Tuesday, March 15, 2011

Fabulosity

You always hear people say, "Kids are so honest" and "Kids say the cutest things".

Really?!

Because my kids aren't entirely truthful.  In fact, they are downright gifted at bending and twisting the truth to suit their purposes.  And the things they say, while often funny, aren't always that cute.

I think it would be more accurate to say that kids say things that cut to the quick, and strip you of any idea you might be harboring of yourself having anything remotely approaching Fabulosity (don't know if this is a real word, but you know what I mean).  My kids are brutal.  And I choose to believe that the cutting commentary isn't honest.  It's either meant to be funny or mean.  Because if they are saying what they think...then I am not as Fabulous as I like to think.  And I've been wresting with/ceding points to Barbie Girl for too long to let go of my dreams of being Fabulous.
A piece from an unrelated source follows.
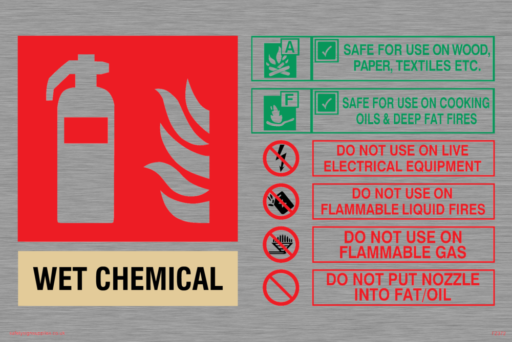 "WET CHEMICAL SAFE FOR USE ON WOOD, PAPER, TEXTILES, ETC. SAFE FOR USE ON COOKING OILS & DEEP FAT FIRES. DO NOT USE ON LIVE ELECTRICAL EQUIPMENT DO NOT USE ON FLAMMABLE LIQUID FIRES DO NOT USE ON FLAMMABLE GAS DO NOT PUT NOZZLE INTO FAT/OIL"

The following are only a few examples of the tender nuggets of "honesty" my kids have dropped in the past week:


  • Delivered by Drama, after I descended the stairs ready to go out for the evening: "Mama!  You look so nice!!  You can hardly even see your eye crinkles!!  You know, you should put on make-up like that Every Day."  Ouch.
  • As said by Trouble, in a big crowd of mommies walking their preschoolers to the elevator after ice skating class: "It's Okay, Mama!"  to which I reply, "What's okay?"  the cheeky little turd turns back to me with a devilish grin and says, "It's Okay about your Great Big Butt!"  and then she turned and ran down the ramp all the way to elevator laughing maniacally.  Don't think the entire crowd of miniature, pocket-sized Asian mommies who could seriously swap underpants with my 6 year old, weren't checking out my backside with great empathy and sad eyes.  
  • Once again, Trouble, proving why she has earned her moniker: "I don't know how towel got there"  Said towel was a fluffy white heavy Egyptian hand towel from my bathroom...soaked in pine cleaning solution (bright yellow) and lying in the middle of her playroom.  Hmmmm.  Change tactics.  "Hey, Trouble...did you clean your playroom by yourself?"  Happy grin of pride. "Yes, Mama!  Did I do a good job?"  I turn and walk into the utility room where I find 4 bottles of cleaning product on the floor, open.  A pile of my best bath linen pulled out of the laundry basket waiting for destruction.  Big Talk about dangers of chemicals and how I appreciate her "help", she cannot do that.  I confess to actually asking her if she wants to be a maid when she grows up.  Shocked eyes and then, a "NO!". I actually think she was playing Cinderella.  That's what I get for leaving her alone in the playroom to go upstairs and cover my "crinkly eyes".  
  • Drama, in all seriousness: "Mama, when I grow up, will my skin start to pull off and have dents in it, too?"  This is why you do not shower with your children after they are capable of speaking.  And I've recently adopted a Pants Policy.  I don't let my kids see me without pants.  My ego can't take it.
  • Reviewing our passport photos on Sunday.  Drama: "Wow mom.  That's when you were young and pretty."  I felt obligated to point out that the photo was taken JUST before I found out I was pregnant with her.  I've gotten progressively less Young and Pretty since.  Thanks, Girls.
I remember hearing when I was pregnant with Drama that you can tell if you are having a girl because the baby will "steal your beauty" and you look exhausted and terrible through your pregnancy.  True Dat (at least for me).  The tough thing is that I think they continue to steal it.  Or maybe it's just that being sleep deprived for nearly 7 years coupled with snarky, soul-sucking, Ego-decimating commentary has crushed me??

Yesterday I was having a coffee and conversation with a girlfriend and the subject of Aging Gracefully came up.  We debated and discussed all manner of plastic surgery, injectibles, obsessive exercise, diet, and then....my friend dropped a bomb on me.  She said, "You know, we're pretty much at the crest right now.  We're probably never going to look better than we do right now".  So, basically...we have to decide what we're willing to accept and what we're going to try to fight.  But I recognize that all manner of interference with the aging process will have repercussions.  You can look young (Joan Rivers) but it means you also look kind of freaky and like a cat.  You can have body parts rearranged, lifted, sucked, pulled...but gravity is not going anywhere. So, it's a slippery slope.  You can start injectibles (and seriously, Jennifer Aniston looks about 25 and she smokes so don't tell me that's all Good Genes), but once you start how do you stop??  The wrinkles disappear and then they are back if you quit...and worse!  I don't have an answer.  My official opinion on record is that I think people should do what makes them happy and feel good about themselves.  If they can afford it, go for it.   Once again Stay Tuned.  At this rate, my kids should be the Advance Team for a plastic surgeon....and they've got me pondering any number of procedures.  Course The Husband would be horrified.  

For now, I'm getting my Fabulosity in the form of Shoes and Handbags.  But I'm wearing Pants and Make-up.  You Know It.